After I restart the OS I get the error below when running any kubectl command.
Unable to connect to the server: tls: failed to verify certificate: x509: certificate is valid for 127.0.0.1, ::1, 127.0.1.1, 10.96.0.1, not 192.168.2.10
To fix it I had to run
sudo k0s stop
sudo k0s install controller --single --force
sudo k0s start
again then kubectl works again.
This is my /etc/k0s/k0s.config file.
apiVersion: k0s.k0sproject.io/v1beta1
kind: ClusterConfig
metadata:
name: k0s
spec:
api:
address: 192.168.2.10
k0sApiPort: 9443
port: 6443
sans:
- 192.168.2.10
telemetry:
enabled: false
After the system I rebooted and kubectl throws tls error and I ran sudo k0s kubeconfig admin I saw that the sever cluster address is 127.0.0.1 instead of 192.168.2.10. Also, I don’t know where the 10.96.0.1 IP in the error message comes from.
Steps to reproduce
- Install k0s using confit above
- Generate kubeconfig file
- Reboot system
Expected behavior
K0s should retain the api.address from the installation config.
Actual behavior
K0s reverted the api address to 127.0.0.1 after system reboot instead of retaining the custom 192.168.2.10 api address.
Screenshots and logs
No response
Additional context
No response
Hi, we haven't seen this before so we believe this has to be triggered by something in your environment.

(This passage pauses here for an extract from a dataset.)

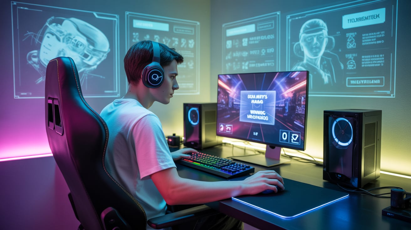 A highly skilled gamer analyzing gameplay patterns in real time, seated at a modern gaming setup with a large monitor displaying an in-game environment overlaid with glowing visual indicators such as enemy movement paths, attack timing arcs, cooldown cycles, and map flow patterns. Subtle holographic grids, arrows, and rhythm-like markers illustrate pattern recognition and strategic thinking rather than hacking. The atmosphere feels intelligent and focused, with soft neon accents, clean UI overlays, and a calm, controlled expression on the player’s face. Style is cinematic, semi-realistic digital art with sharp detail, cool lighting, and a sense of mastery, strategy, and mental precision.”

What happens if you reboot and instead of:
sudo k0s stop
sudo k0s install controller --single --force
sudo k0s start
You just do:
sudo k0s stop
sudo k0s start
IMPORTANT, don't do this immediately after the reboot, give it some time, maybe 5 minutes after the reboot because we suspect it may be a timing issue regarding network interfaces not being ready just yet.
Finally would it be possible to provide k0s logs after the reboot?
FWIW, I installed latest k0s on Sunday. Rebooted my masternode today and ran into this issue.
k0sctl version
version: v0.19.2
commit: 081dfeb
Cluster definition
kind: Cluster
metadata:
name: kruzter
spec:
hosts:
- ssh:
address: 192.168.55.248
user: root
port: 22
role: controller
- ssh:
address: 192.168.55.251
user: root
port: 22
role: worker
- ssh:
address: 192.168.55.252
user: root
port: 22
role: worker
- ssh:
address: 192.168.55.253
user: root
port: 22
role: worker
- ssh:
address: 192.168.55.254
user: root
port: 22
role: worker
k0s:
config:
apiVersion: k0s.k0sproject.io/v1beta1
kind: Cluster
metadata:
name: k0s
spec:
api:
k0sApiPort: 9443
port: 6443
installConfig:
users:
etcdUser: etcd
kineUser: kube-apiserver
konnectivityUser: konnectivity-server
kubeAPIserverUser: kube-apiserver
kubeSchedulerUser: kube-scheduler
konnectivity:
adminPort: 8133
agentPort: 8132
network:
kubeProxy:
disabled: false
mode: iptables
kuberouter:
autoMTU: true
mtu: 0
peerRouterASNs: ""
peerRouterIPs: ""
podCIDR: 10.244.0.0/16
provider: custom
serviceCIDR: 10.96.0.0/12
podSecurityPolicy:
defaultPolicy: 00-k0s-privileged
storage:
type: etcd
telemetry:
enabled: true
FWIW, it did get fixed after I did:
k0s stop
k0s start
After a few mins (all the time it took me to edit this post :) ) all the nodes became available on their own:
> k get nodes
NAME STATUS ROLES AGE VERSION
k8sworker1 Ready <none> 25h v1.31.1+k0s
k8sworker2 Ready <none> 25h v1.31.1+k0s
k8sworker3 Ready <none> 25h v1.31.1+k0s
k8sworker4 Ready <none> 25h v1.31.1+k0s
This really sounds like a timing issue, k0s maybe starts before the network has assigned the address to interface(s).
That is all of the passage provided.